Top of MATERIAL PROVIDED
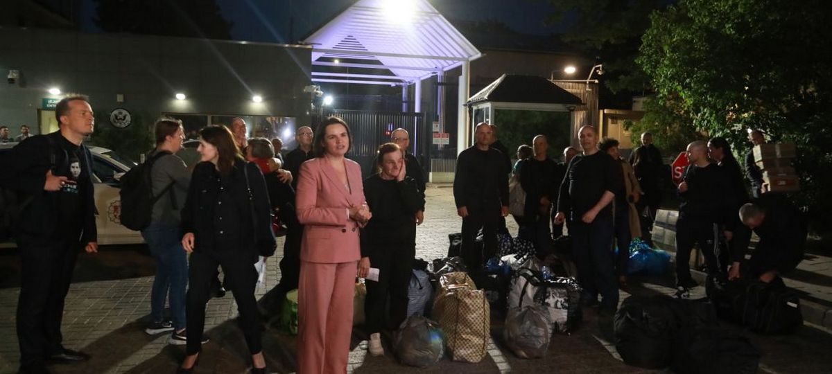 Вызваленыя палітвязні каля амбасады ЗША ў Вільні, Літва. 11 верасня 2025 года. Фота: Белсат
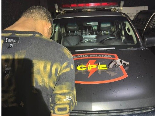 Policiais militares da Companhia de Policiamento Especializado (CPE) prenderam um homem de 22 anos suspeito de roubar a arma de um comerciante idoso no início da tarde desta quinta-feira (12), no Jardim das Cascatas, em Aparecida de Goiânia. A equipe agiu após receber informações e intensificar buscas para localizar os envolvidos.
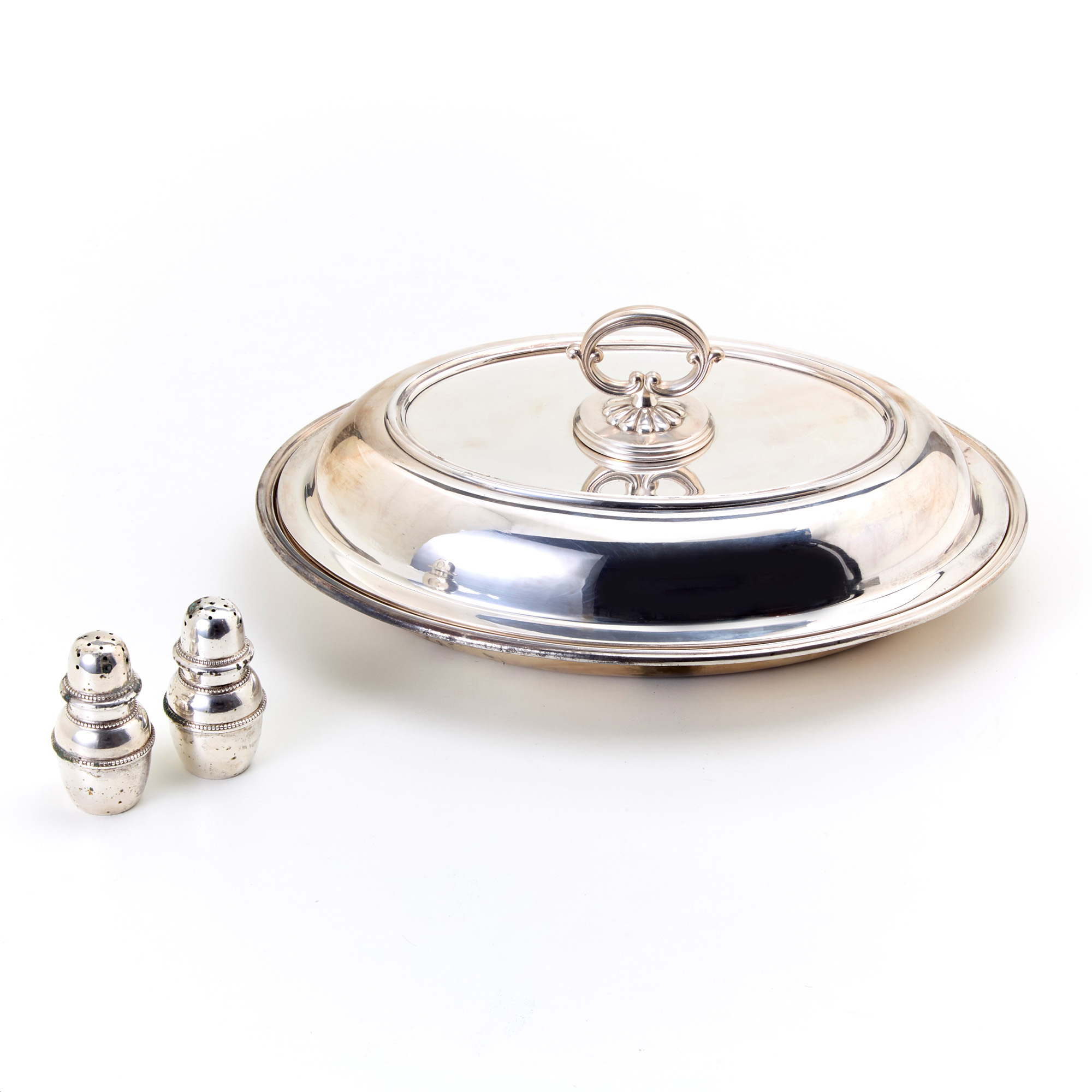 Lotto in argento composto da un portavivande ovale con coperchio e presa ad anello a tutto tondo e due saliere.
Bottom of MATERIAL PROVIDED
When you copy the data, keep every line exact and leave out each picture.

### WRITTEN SOLUTION
 Вызваленыя палітвязні каля амбасады ЗША ў Вільні, Літва. 11 верасня 2025 года. Фота: Белсат
 Policiais militares da Companhia de Policiamento Especializado (CPE) prenderam um homem de 22 anos suspeito de roubar a arma de um comerciante idoso no início da tarde desta quinta-feira (12), no Jardim das Cascatas, em Aparecida de Goiânia. A equipe agiu após receber informações e intensificar buscas para localizar os envolvidos.
 Lotto in argento composto da un portavivande ovale con coperchio e presa ad anello a tutto tondo e due saliere.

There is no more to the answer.